The little woman was, wisely I think, left undisturbed in her innocent fancy. How many more times she ensconced herself in her window on the 31st of December I cannot say. The belief in the poor Old-year’s lonely wandering interested her for the time and did her no harm, then gently faded, to be revived perhaps as a story of “When mother was a little girl,” when mother came to have little girls of her own to beg for her childish reminiscences.
This personification of abstract ideas is a peculiarity, a speciality of children, as it was no doubt of the children of the world’s history—our remote ancestors. And I have noticed that among abstract ideas that of time has a particular fascination for imaginative little people. Many years ago I happened to be staying in a country house when a group of children arrived from town to spend their summer holiday with the uncle and aunt to whom it belonged. Entering the room where these little sisters were quartered, early in the morning after their journey, I was surprised to find the trio wide awake, each sitting up in her cot, in absolute silence as if listening for something.
I too stood silent and still for a minute or two, till yielding to curiosity I turned to the nearest bed, which happened to be that of the youngest, a girl of five or six.
“What is it, Francie?” I inquired. “Are you trying to hear the church bells”—for it was Sunday morning—“or what?”

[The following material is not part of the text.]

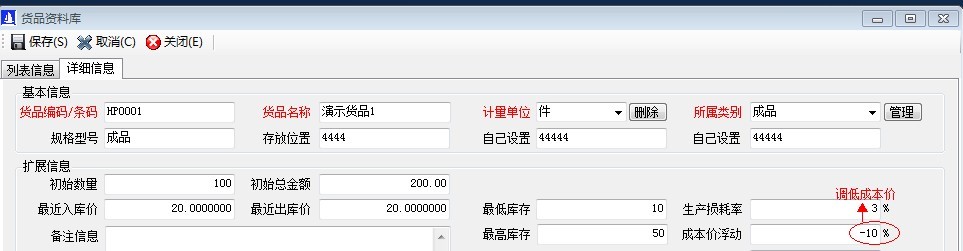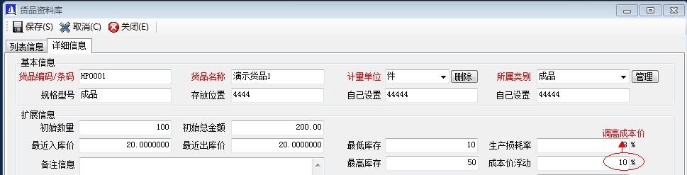 生產(chǎn)耗損率:就是指每生產(chǎn)100個(gè)貨品當(dāng)中,有多少個(gè)損壞的產(chǎn)品,那么就在耗損率這里設(shè)置,比如:每生產(chǎn)貨品A100個(gè),當(dāng)中就會(huì)損壞3個(gè),那么耗損率這里,我們?cè)O(shè)置3%。成本價(jià)浮動(dòng):浮動(dòng)率這里有兩種情況,第一,調(diào)高成本,第二,調(diào)低成本。比如:我們需要調(diào)高貨品A的成本10%,那么成本價(jià)浮動(dòng)這里就設(shè)置10%。相反我們要調(diào)低貨品A10%的成本,那么成本價(jià)浮動(dòng)這里就設(shè)置-10%。

With perfect seriousness she turned to me as she replied—
“No, auntie dear. We are listening to time passing. We can always hear it when we first come to the country. In London there is too much noise. Meg”—her mature sister of ten—“taught us about it. So we always try to wake early the first morning on purpose to hear it.”
Another friend of mine, now an elderly, if not quite an old, woman, had a curious fancy when a very young child, in connection with which there is a pretty anecdote of the poet Wordsworth, which may make the story worth relating. This little girl believed that during the night before a birthday a miraculous amount of “growing” was done, and on the morning on which her elder brother attained the age of six, she, his junior by two years, flew into the nursery when he was being dressed, expecting to see a marvellous transformation. But—to her immense disappointment—there stood her dear Jack looking precisely as he had done when she bade him good-night the evening before. Maimie’s feelings were too much for her.
“Oh, Jack,” she cried, bursting into tears, “why haven’t you growed big? I thought you’d be kite a big boy this morning.”